The development of all honey bee castes proceeds through three different life stages all of which encounter microbial infections to a various extent. We have examined the immune strength of honey bees across all developmental stages with emphasis on the temporal expression of cellular and humoral immune responses upon artificial challenge with viable Escherichia coli bacteria. We employed a broad array of methods to investigate defence strategies of infected individuals: (a) fate of bacteria in the haemocoel; (b) nodule formation and (c) induction of antimicrobial peptides (AMPs). Newly emerged adult worker bees and drones were able to activate efficiently all examined immune reactions. The number of viable bacteria circulating in the haemocoel of infected bees declined rapidly by more than two orders of magnitude within the first 4–6 h post-injection (p.i.), coinciding with the occurrence of melanised nodules.

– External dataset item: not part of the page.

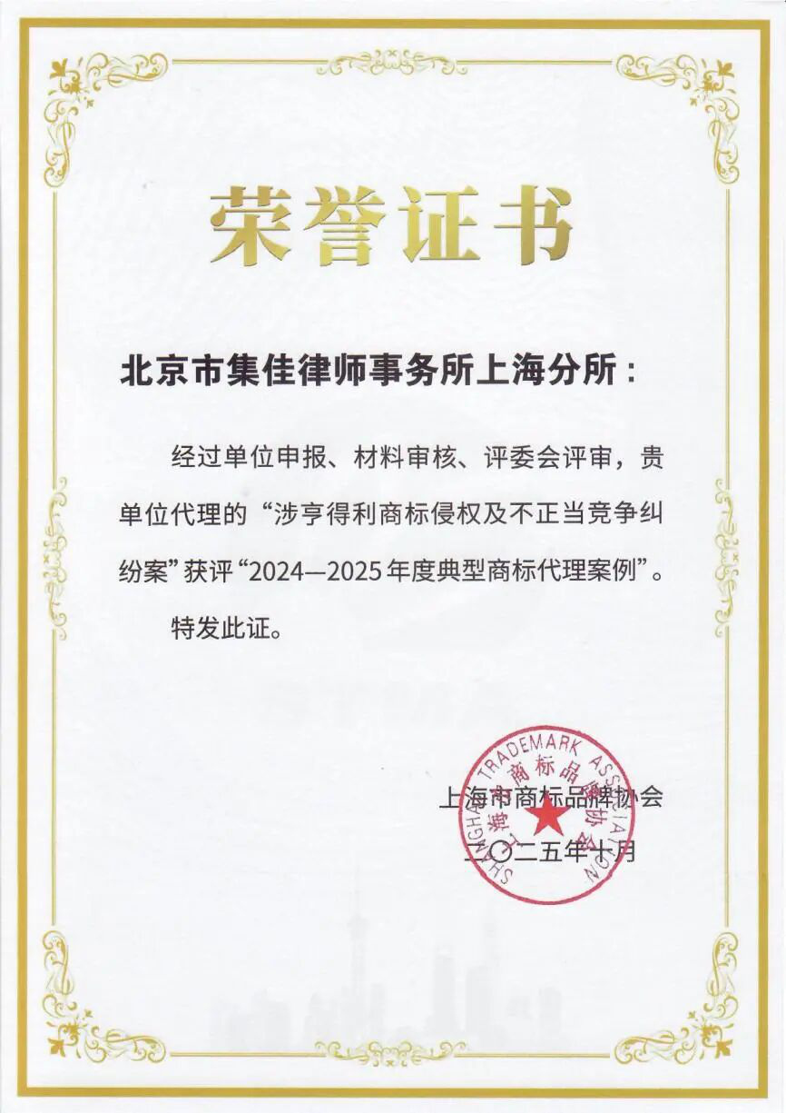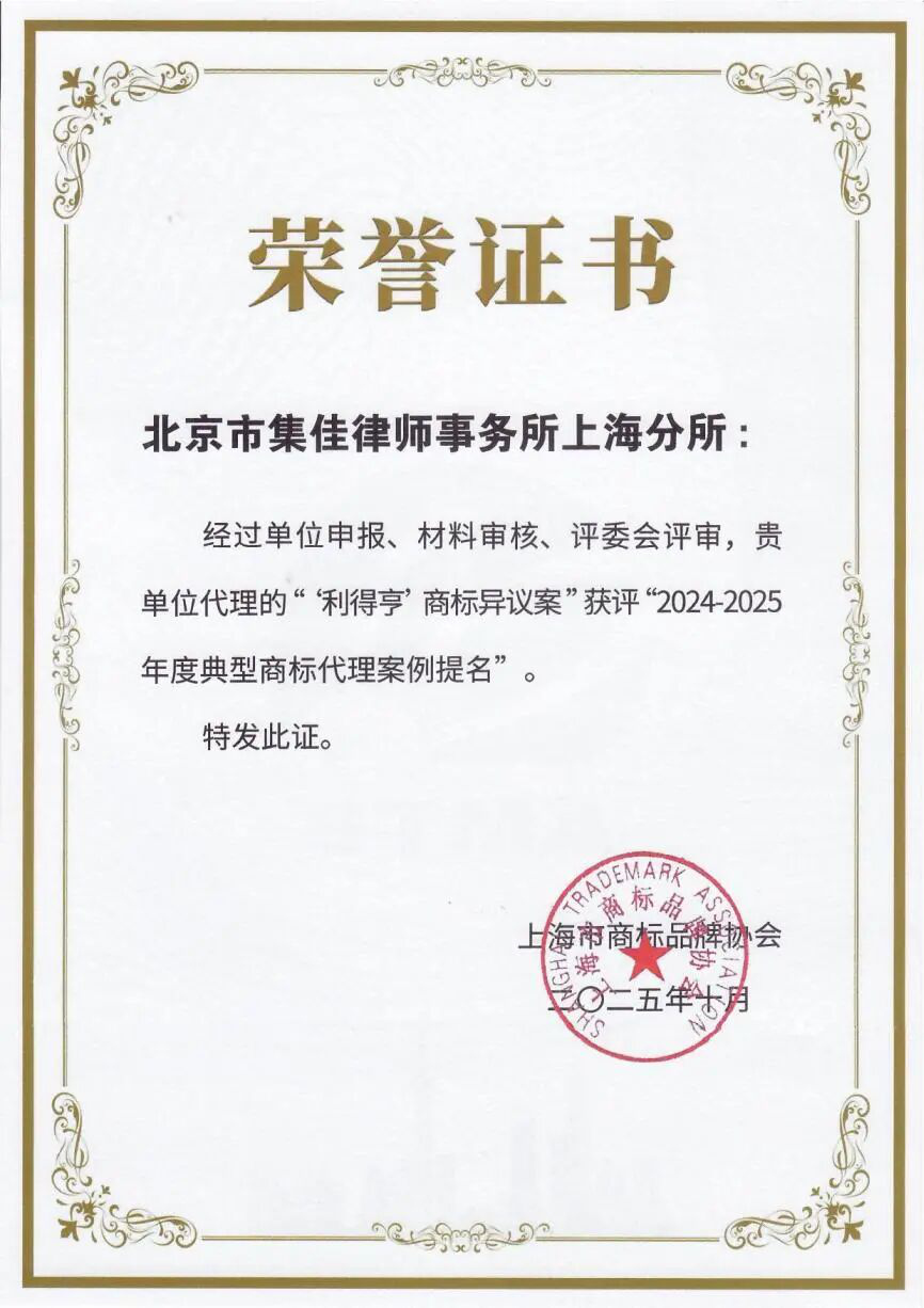 集佳上海分所辦理的“‘利得亨’商標(biāo)異議案”獲評(píng)“2024-2025年度典型商標(biāo)代理案例提名”

Antimicrobial activity, on the other hand, became detectable only after the initial bacterial clearance. These two temporal patterns of defence reactions very likely represent the constitutive cellular and the induced humoral immune response. A unique feature of honey bees is that a fraction of worker bees survives the winter season in a cluster mostly engaged in thermoregulation. We show here that the overall immune strength of winter bees matches that of young summer bees although nodulation reactions are not initiated at all. As expected, high doses of injected viable E.coli bacteria caused no mortality in larvae or adults of each age. However, drone and worker pupae succumbed to challenge with E.coli even at low doses, accompanied by a premature darkening of the pupal body. In contrast to larvae and adults, we observed no fast clearance of viable bacteria and no induction of AMPs but a rapid proliferation of E.coli bacteria in the haemocoel of bee pupae ultimately leading to their death.